* _REQUIREMENT_: Copy out precisely the lines of the material that follows, beginning with the line containing "[네이버] 레드씰 프로폴리스" and ending with its last line; exclude pictures.

* _EXTRACTED MATERIAL_:

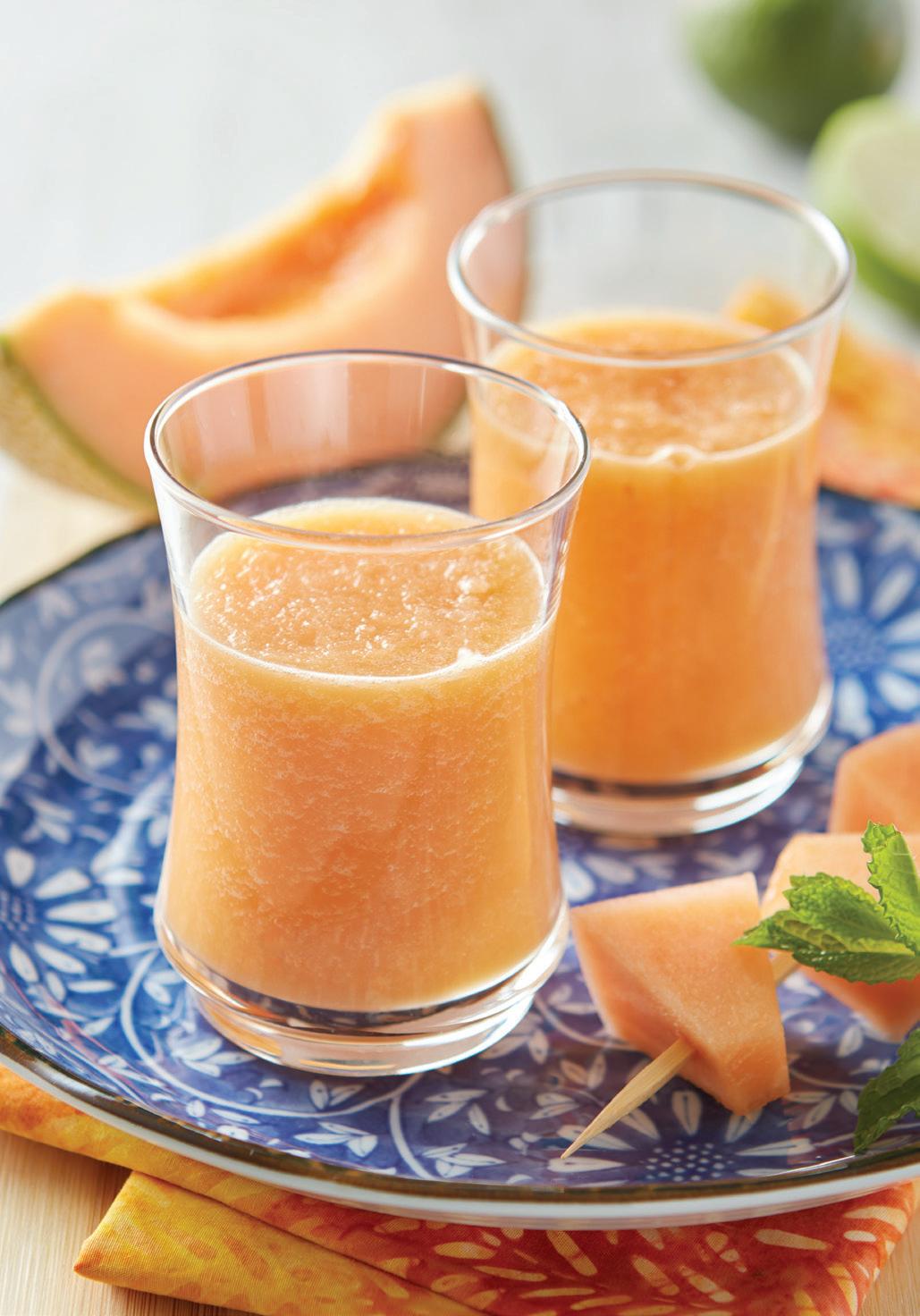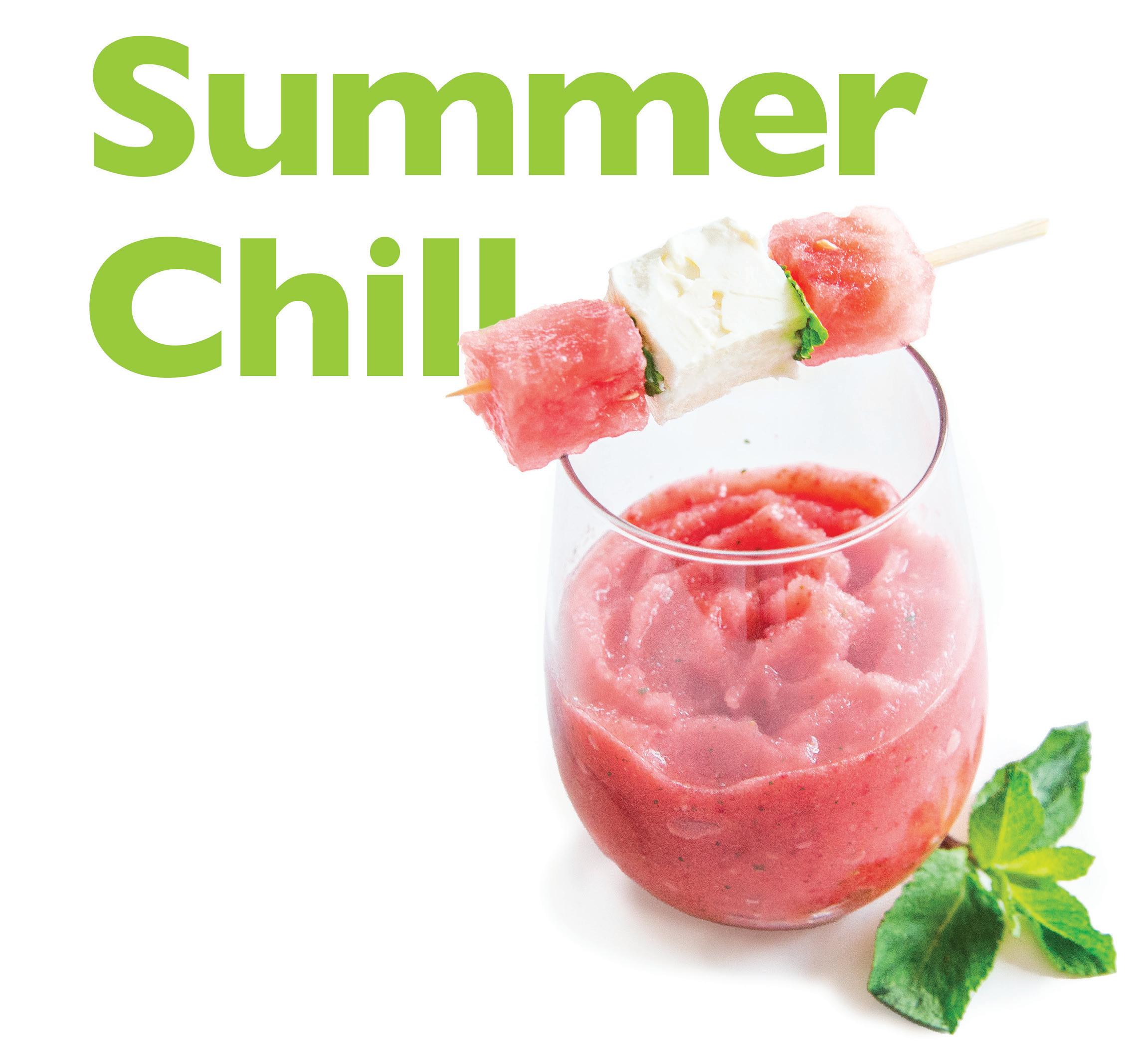 2. Just before serving, combine the frozen watermelon, strawberries, rosé and mint in a blender. Secure the lid and blend until smooth.
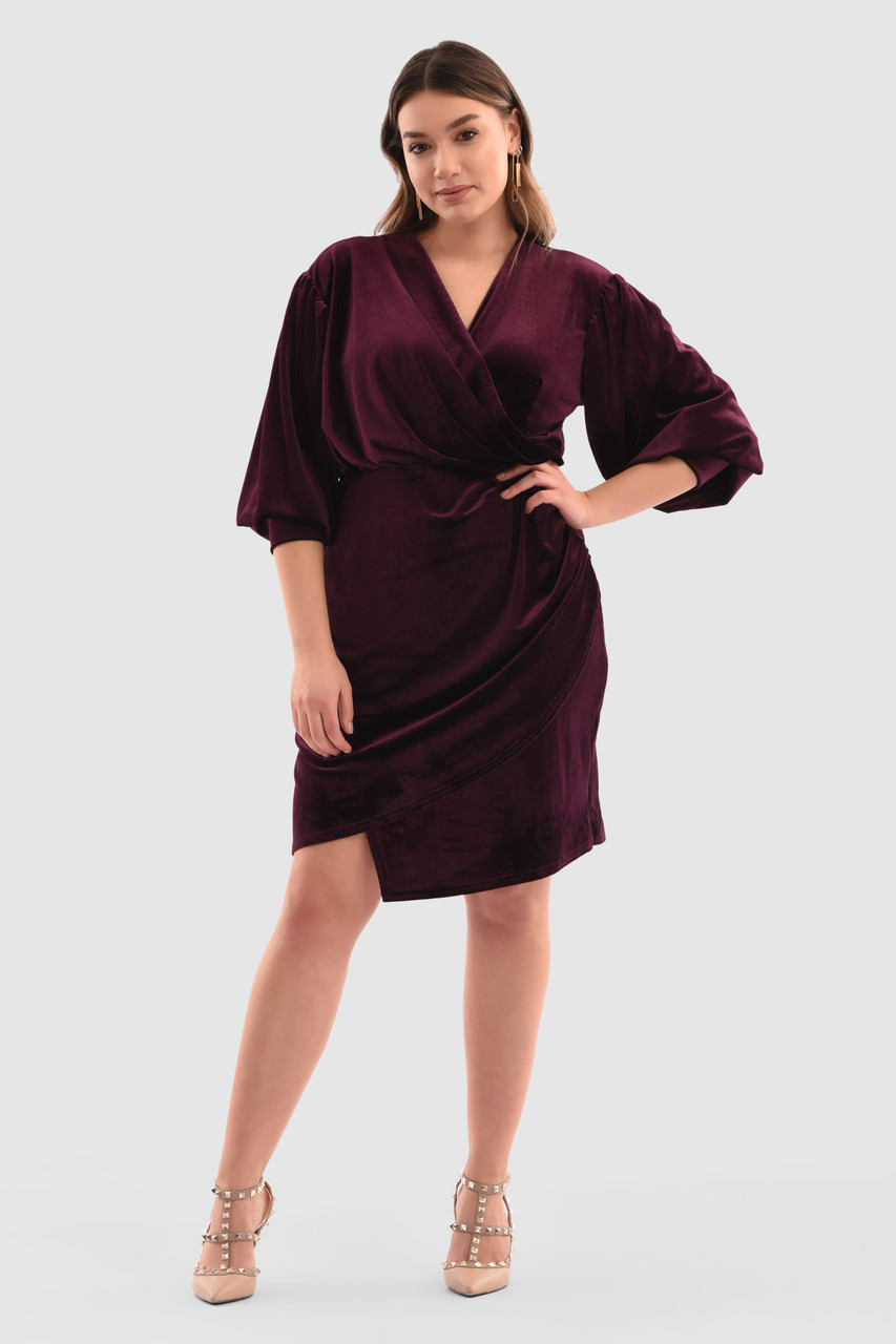 Closet London Curves Plum Velvet Puff Sleeve Wrap Dress
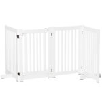 PawHut Freestanding Wooden Pet Gate: Z-Shaped 4 Panel Design with Door for Indoor Doorway Barriers | Aosom Canada
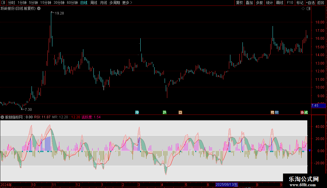 RS1:=SMA(MAX(CLOSE-LC,0),7,1)/SMA(Abs(CLOSE-LC),7,1)*100-50;
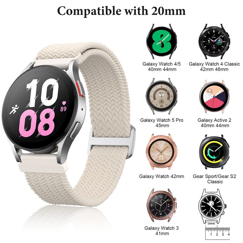 Paquete de 5 correas trenzadas compatibles con Samsung Galaxy Watch 7/FE/6/5/4 de 1.575 pulgadas,
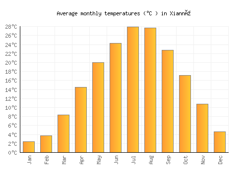 The bar chart below shows the average monthly peak daytime temperatures at Xiannü
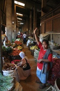 Když na Jávě řídíte motorku, tak si vemte rukavice. Né kvůli chladu, ale kvůli slunci. Po dvou dnech jsem měl dost spálené ruce. Provoz na silnici je neuvěřitelný. Spousta motorek a auťáků a všechno se žene kupředu. Je to jako řeka, když se někdo zastaví, oní vás obtečou. Dokonce i když jedete v protisměru. Po městě Solo to bylo výživný, ale viděli jsme boží tržižtě (teda ono bylo zeleninový...) a pěkný uličky. Výlet mezi rýžová políčka a čajové plantáže nám zvedlul hladinu kopcovatosti v krvi, což se po dvou měsících v Singapůru docela hodilo.
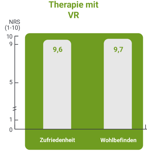 Nach jeder VR-Einheit bewerteten die Patientinnen und Patienten ihre Erfahrungen anhand standardisierter Fragebögen. Erfasst wurden unter anderem Zufriedenheit, Wohlbefinden, subjektive Effektivität, Anstrengung im Vergleich zu anderen Therapieformen sowie die gewünschte Nutzungshäufigkeit.
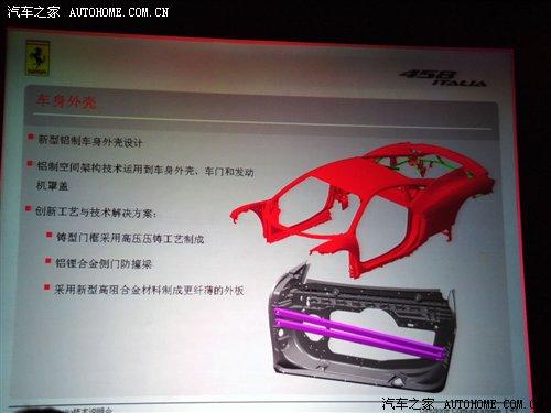法拉利458 Italia采用了新型鋁制空間架構(gòu)模塊化底盤設(shè)計(jì),不僅大大降低了設(shè)計(jì)和制造的成本,而且在維修為更換部件方面更是有著很大優(yōu)勢,各個(gè)部件可以單獨(dú)進(jìn)行更換配件,458 Italia在局部還使用了航空鋁制材料,鋁制結(jié)構(gòu)在重量和強(qiáng)度方面有相比于鋼制結(jié)構(gòu)車型要出色。
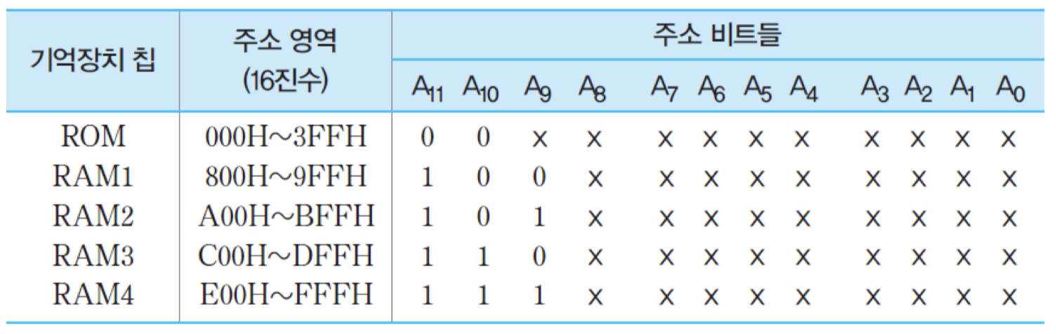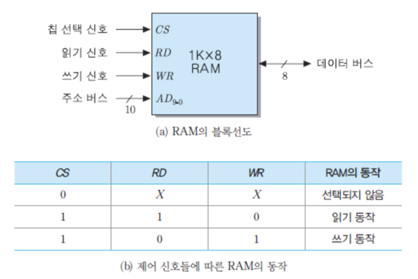 그림 (a)에서 제어 입력 신호인 RD는 읽기 명령 신호이고, WR은 쓰기 명령 신호임. 기억장치시스템이 여러 개의 칩들로 구성되는 경우에는 칩 선택 신호인 CS에 의해 칩의 선택 여부가 결정됨. CS 신호가 1로 활성화되면, 칩은 주소와 제어 신호에 따라 적절한 동작을 수행함. 만약 RD = 1이고 WR = 0이라면, 주소가 지정하는 기억 장소로부터 8비트 데이터가 읽혀서 데이터 버스를 통하여 출력됨. 만약 RD = 0이고 WR = 1이면, 데이터 버스를 통하여 들어오는 8-비트 데이터가 주소에 의해 지정되는 기억 장소에 저장됨. 그러나 CS 신호가 0인 경우에는 이 칩이 선택되지 않은 것이므로, 제어 신호들이나 데이터 입출력 통로가 모두 전기적으로 단절된 상태가 됨. 그림 (b)에서는 X는 해당 신호가 0혹은 1중의 어느 값이든 상관없다는 것을 의미함.
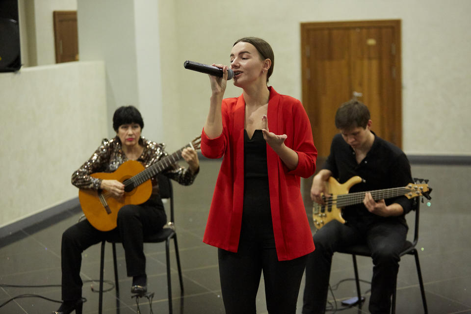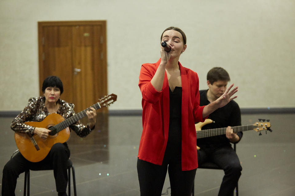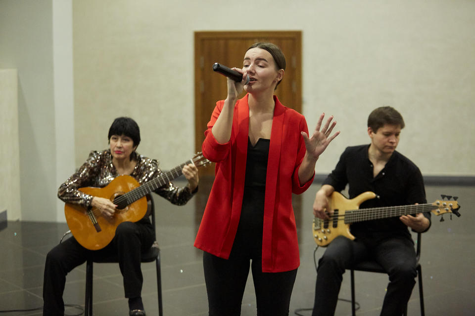 В фойе филармонии гостей приветствовали музыкальной программой артисты творческого коллектива «Экспромт».
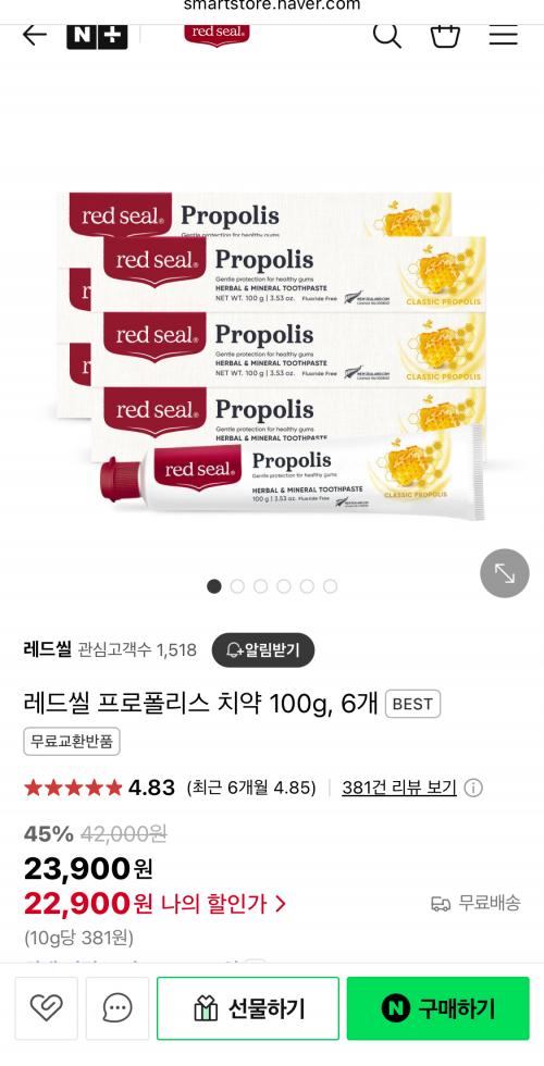 [네이버] 레드씰 프로폴리스 치약 6개+키즈치약 본품 6개 증정 (22,900원/무료) > 국내핫딜
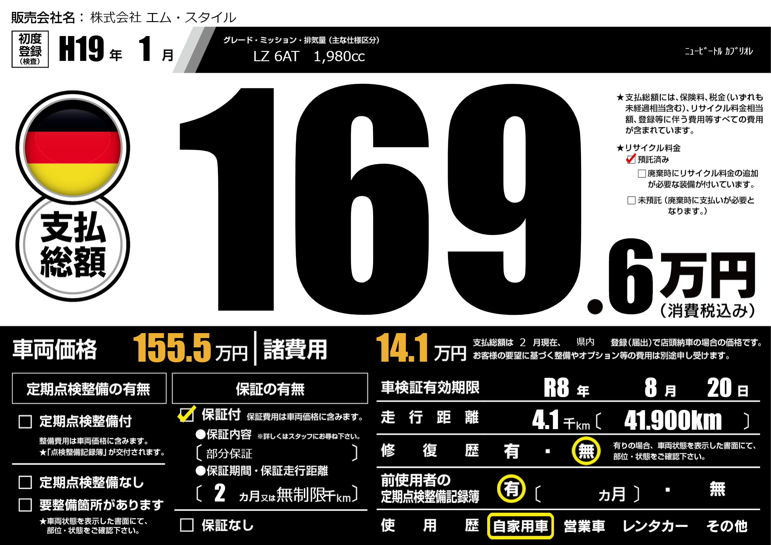 | 車検制限 | R8年 8月 20日 | ||
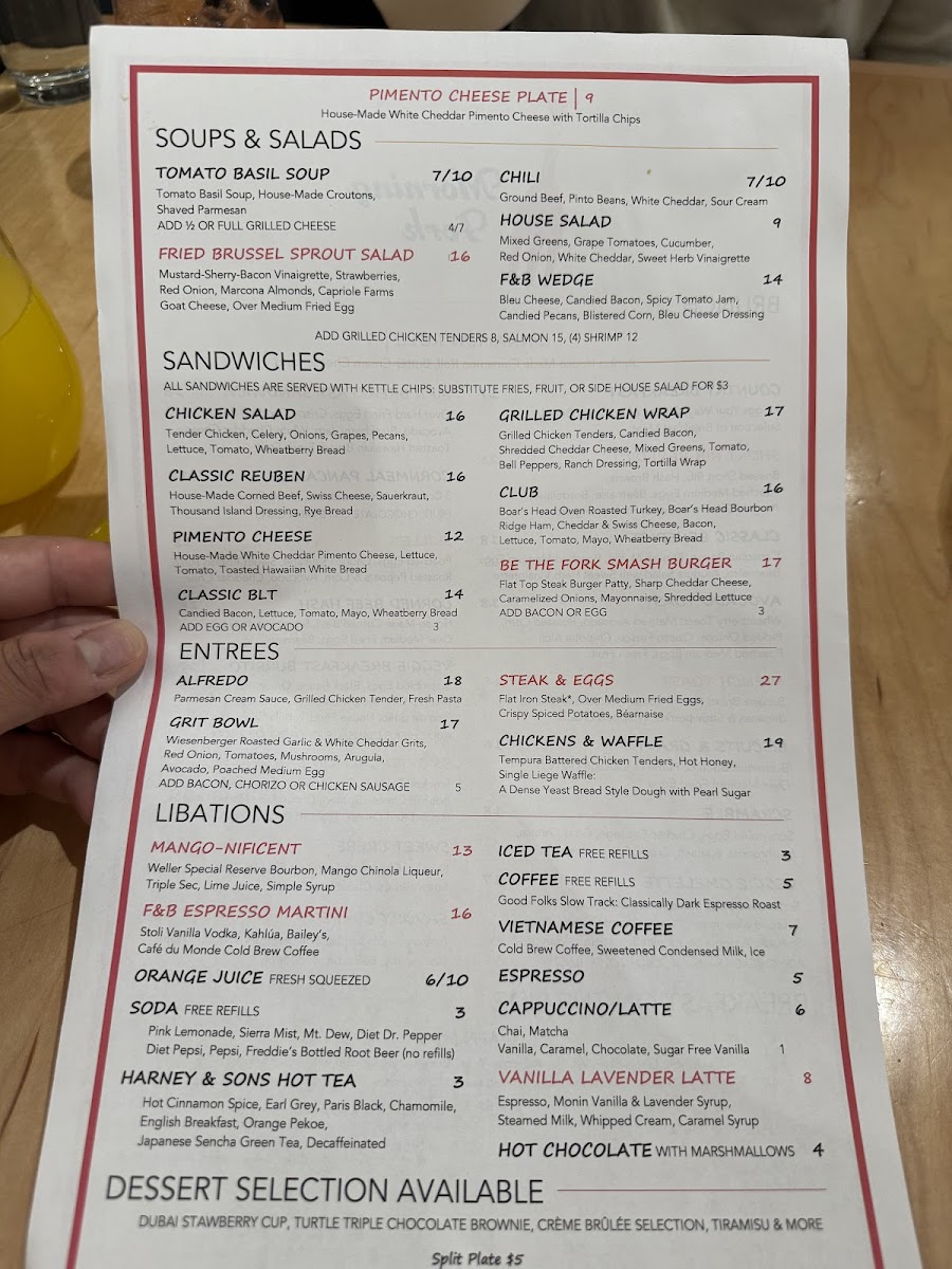 Smoked Salmon, Over Medium Fried Eggs, Boursin Cheese Spread, Cucumber, Mixed Greens, Pickled Red Onion, Croissant, Fresh Fruit

* _ANSWER SECTION_:
 [네이버] 레드씰 프로폴리스 치약 6개+키즈치약 본품 6개 증정 (22,900원/무료) > 국내핫딜
 | 車検制限 | R8年 8月 20日 | ||
 Smoked Salmon, Over Medium Fried Eggs, Boursin Cheese Spread, Cucumber, Mixed Greens, Pickled Red Onion, Croissant, Fresh Fruit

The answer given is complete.